§ What the task requires
Print each entry exactly, all the way through.

** Recorded information follows **

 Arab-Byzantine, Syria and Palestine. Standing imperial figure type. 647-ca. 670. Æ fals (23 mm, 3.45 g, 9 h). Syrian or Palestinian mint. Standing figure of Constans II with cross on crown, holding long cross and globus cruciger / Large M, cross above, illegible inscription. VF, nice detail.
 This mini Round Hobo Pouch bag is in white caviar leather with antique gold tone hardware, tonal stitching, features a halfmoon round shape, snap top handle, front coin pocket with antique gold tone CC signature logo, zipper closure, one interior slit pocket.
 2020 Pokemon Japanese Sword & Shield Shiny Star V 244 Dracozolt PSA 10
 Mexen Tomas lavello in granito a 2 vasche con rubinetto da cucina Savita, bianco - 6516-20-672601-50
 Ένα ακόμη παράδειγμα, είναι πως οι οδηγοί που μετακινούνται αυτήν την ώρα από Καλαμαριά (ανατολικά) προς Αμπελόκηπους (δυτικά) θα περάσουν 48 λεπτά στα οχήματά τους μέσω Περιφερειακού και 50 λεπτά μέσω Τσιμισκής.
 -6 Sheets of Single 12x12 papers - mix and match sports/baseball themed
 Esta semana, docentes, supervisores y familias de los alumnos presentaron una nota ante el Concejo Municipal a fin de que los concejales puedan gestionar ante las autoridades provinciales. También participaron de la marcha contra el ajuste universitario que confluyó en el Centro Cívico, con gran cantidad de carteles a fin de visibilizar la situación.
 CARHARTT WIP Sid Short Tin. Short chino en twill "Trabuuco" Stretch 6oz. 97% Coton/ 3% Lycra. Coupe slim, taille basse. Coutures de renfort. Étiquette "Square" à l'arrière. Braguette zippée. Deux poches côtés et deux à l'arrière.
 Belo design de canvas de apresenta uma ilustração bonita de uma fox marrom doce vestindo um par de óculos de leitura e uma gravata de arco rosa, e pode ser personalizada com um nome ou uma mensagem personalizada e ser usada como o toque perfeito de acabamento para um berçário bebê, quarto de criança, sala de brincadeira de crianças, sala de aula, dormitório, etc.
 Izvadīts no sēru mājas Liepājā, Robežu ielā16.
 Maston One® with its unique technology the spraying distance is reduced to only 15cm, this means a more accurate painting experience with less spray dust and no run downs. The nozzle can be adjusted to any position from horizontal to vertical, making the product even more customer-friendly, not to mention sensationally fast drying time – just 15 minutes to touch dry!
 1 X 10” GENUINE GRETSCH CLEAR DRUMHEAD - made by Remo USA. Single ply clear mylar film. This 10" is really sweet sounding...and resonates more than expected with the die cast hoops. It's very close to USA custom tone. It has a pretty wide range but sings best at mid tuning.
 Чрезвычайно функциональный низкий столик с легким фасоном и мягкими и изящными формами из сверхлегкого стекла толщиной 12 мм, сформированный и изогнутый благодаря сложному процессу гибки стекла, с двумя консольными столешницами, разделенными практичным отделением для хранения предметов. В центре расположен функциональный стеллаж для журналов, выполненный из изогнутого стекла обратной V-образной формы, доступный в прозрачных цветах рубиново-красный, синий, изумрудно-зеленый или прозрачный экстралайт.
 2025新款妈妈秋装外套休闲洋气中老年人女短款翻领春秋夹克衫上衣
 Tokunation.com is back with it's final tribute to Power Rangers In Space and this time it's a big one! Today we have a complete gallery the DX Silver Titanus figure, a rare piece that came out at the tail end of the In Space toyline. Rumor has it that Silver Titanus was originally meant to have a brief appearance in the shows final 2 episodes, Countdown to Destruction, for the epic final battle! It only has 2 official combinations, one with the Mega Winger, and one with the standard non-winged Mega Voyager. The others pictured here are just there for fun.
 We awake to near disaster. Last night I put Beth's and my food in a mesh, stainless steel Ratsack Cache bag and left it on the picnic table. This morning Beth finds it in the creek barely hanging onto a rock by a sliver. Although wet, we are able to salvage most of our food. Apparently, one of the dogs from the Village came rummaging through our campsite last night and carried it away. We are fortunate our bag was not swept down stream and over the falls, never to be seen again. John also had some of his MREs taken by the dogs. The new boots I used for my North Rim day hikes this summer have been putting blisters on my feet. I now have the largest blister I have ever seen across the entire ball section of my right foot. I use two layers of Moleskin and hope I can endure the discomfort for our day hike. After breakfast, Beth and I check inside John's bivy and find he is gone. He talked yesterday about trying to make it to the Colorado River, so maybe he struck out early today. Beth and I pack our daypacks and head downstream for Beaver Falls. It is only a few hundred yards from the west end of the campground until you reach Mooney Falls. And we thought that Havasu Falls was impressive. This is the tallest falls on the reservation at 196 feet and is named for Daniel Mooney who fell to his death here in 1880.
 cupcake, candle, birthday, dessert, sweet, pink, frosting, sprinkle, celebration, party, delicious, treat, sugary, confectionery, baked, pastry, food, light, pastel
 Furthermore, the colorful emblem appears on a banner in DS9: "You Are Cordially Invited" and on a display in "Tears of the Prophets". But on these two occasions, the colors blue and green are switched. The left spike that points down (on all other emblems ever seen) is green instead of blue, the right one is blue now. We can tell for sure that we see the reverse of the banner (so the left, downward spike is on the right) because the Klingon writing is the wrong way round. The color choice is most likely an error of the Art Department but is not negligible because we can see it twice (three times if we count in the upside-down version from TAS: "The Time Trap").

** End of Recorded information **

§ Solution for this problem
 Arab-Byzantine, Syria and Palestine. Standing imperial figure type. 647-ca. 670. Æ fals (23 mm, 3.45 g, 9 h). Syrian or Palestinian mint. Standing figure of Constans II with cross on crown, holding long cross and globus cruciger / Large M, cross above, illegible inscription. VF, nice detail.
 This mini Round Hobo Pouch bag is in white caviar leather with antique gold tone hardware, tonal stitching, features a halfmoon round shape, snap top handle, front coin pocket with antique gold tone CC signature logo, zipper closure, one interior slit pocket.
 2020 Pokemon Japanese Sword & Shield Shiny Star V 244 Dracozolt PSA 10
 Mexen Tomas lavello in granito a 2 vasche con rubinetto da cucina Savita, bianco - 6516-20-672601-50
 Ένα ακόμη παράδειγμα, είναι πως οι οδηγοί που μετακινούνται αυτήν την ώρα από Καλαμαριά (ανατολικά) προς Αμπελόκηπους (δυτικά) θα περάσουν 48 λεπτά στα οχήματά τους μέσω Περιφερειακού και 50 λεπτά μέσω Τσιμισκής.
 -6 Sheets of Single 12x12 papers - mix and match sports/baseball themed
 Esta semana, docentes, supervisores y familias de los alumnos presentaron una nota ante el Concejo Municipal a fin de que los concejales puedan gestionar ante las autoridades provinciales. También participaron de la marcha contra el ajuste universitario que confluyó en el Centro Cívico, con gran cantidad de carteles a fin de visibilizar la situación.
 CARHARTT WIP Sid Short Tin. Short chino en twill "Trabuuco" Stretch 6oz. 97% Coton/ 3% Lycra. Coupe slim, taille basse. Coutures de renfort. Étiquette "Square" à l'arrière. Braguette zippée. Deux poches côtés et deux à l'arrière.
 Belo design de canvas de apresenta uma ilustração bonita de uma fox marrom doce vestindo um par de óculos de leitura e uma gravata de arco rosa, e pode ser personalizada com um nome ou uma mensagem personalizada e ser usada como o toque perfeito de acabamento para um berçário bebê, quarto de criança, sala de brincadeira de crianças, sala de aula, dormitório, etc.
 Izvadīts no sēru mājas Liepājā, Robežu ielā16.
 Maston One® with its unique technology the spraying distance is reduced to only 15cm, this means a more accurate painting experience with less spray dust and no run downs. The nozzle can be adjusted to any position from horizontal to vertical, making the product even more customer-friendly, not to mention sensationally fast drying time – just 15 minutes to touch dry!
 1 X 10” GENUINE GRETSCH CLEAR DRUMHEAD - made by Remo USA. Single ply clear mylar film. This 10" is really sweet sounding...and resonates more than expected with the die cast hoops. It's very close to USA custom tone. It has a pretty wide range but sings best at mid tuning.
 Чрезвычайно функциональный низкий столик с легким фасоном и мягкими и изящными формами из сверхлегкого стекла толщиной 12 мм, сформированный и изогнутый благодаря сложному процессу гибки стекла, с двумя консольными столешницами, разделенными практичным отделением для хранения предметов. В центре расположен функциональный стеллаж для журналов, выполненный из изогнутого стекла обратной V-образной формы, доступный в прозрачных цветах рубиново-красный, синий, изумрудно-зеленый или прозрачный экстралайт.
 2025新款妈妈秋装外套休闲洋气中老年人女短款翻领春秋夹克衫上衣
 Tokunation.com is back with it's final tribute to Power Rangers In Space and this time it's a big one! Today we have a complete gallery the DX Silver Titanus figure, a rare piece that came out at the tail end of the In Space toyline. Rumor has it that Silver Titanus was originally meant to have a brief appearance in the shows final 2 episodes, Countdown to Destruction, for the epic final battle! It only has 2 official combinations, one with the Mega Winger, and one with the standard non-winged Mega Voyager. The others pictured here are just there for fun.
 We awake to near disaster. Last night I put Beth's and my food in a mesh, stainless steel Ratsack Cache bag and left it on the picnic table. This morning Beth finds it in the creek barely hanging onto a rock by a sliver. Although wet, we are able to salvage most of our food. Apparently, one of the dogs from the Village came rummaging through our campsite last night and carried it away. We are fortunate our bag was not swept down stream and over the falls, never to be seen again. John also had some of his MREs taken by the dogs. The new boots I used for my North Rim day hikes this summer have been putting blisters on my feet. I now have the largest blister I have ever seen across the entire ball section of my right foot. I use two layers of Moleskin and hope I can endure the discomfort for our day hike. After breakfast, Beth and I check inside John's bivy and find he is gone. He talked yesterday about trying to make it to the Colorado River, so maybe he struck out early today. Beth and I pack our daypacks and head downstream for Beaver Falls. It is only a few hundred yards from the west end of the campground until you reach Mooney Falls. And we thought that Havasu Falls was impressive. This is the tallest falls on the reservation at 196 feet and is named for Daniel Mooney who fell to his death here in 1880.
 cupcake, candle, birthday, dessert, sweet, pink, frosting, sprinkle, celebration, party, delicious, treat, sugary, confectionery, baked, pastry, food, light, pastel
 Furthermore, the colorful emblem appears on a banner in DS9: "You Are Cordially Invited" and on a display in "Tears of the Prophets". But on these two occasions, the colors blue and green are switched. The left spike that points down (on all other emblems ever seen) is green instead of blue, the right one is blue now. We can tell for sure that we see the reverse of the banner (so the left, downward spike is on the right) because the Klingon writing is the wrong way round. The color choice is most likely an error of the Art Department but is not negligible because we can see it twice (three times if we count in the upside-down version from TAS: "The Time Trap").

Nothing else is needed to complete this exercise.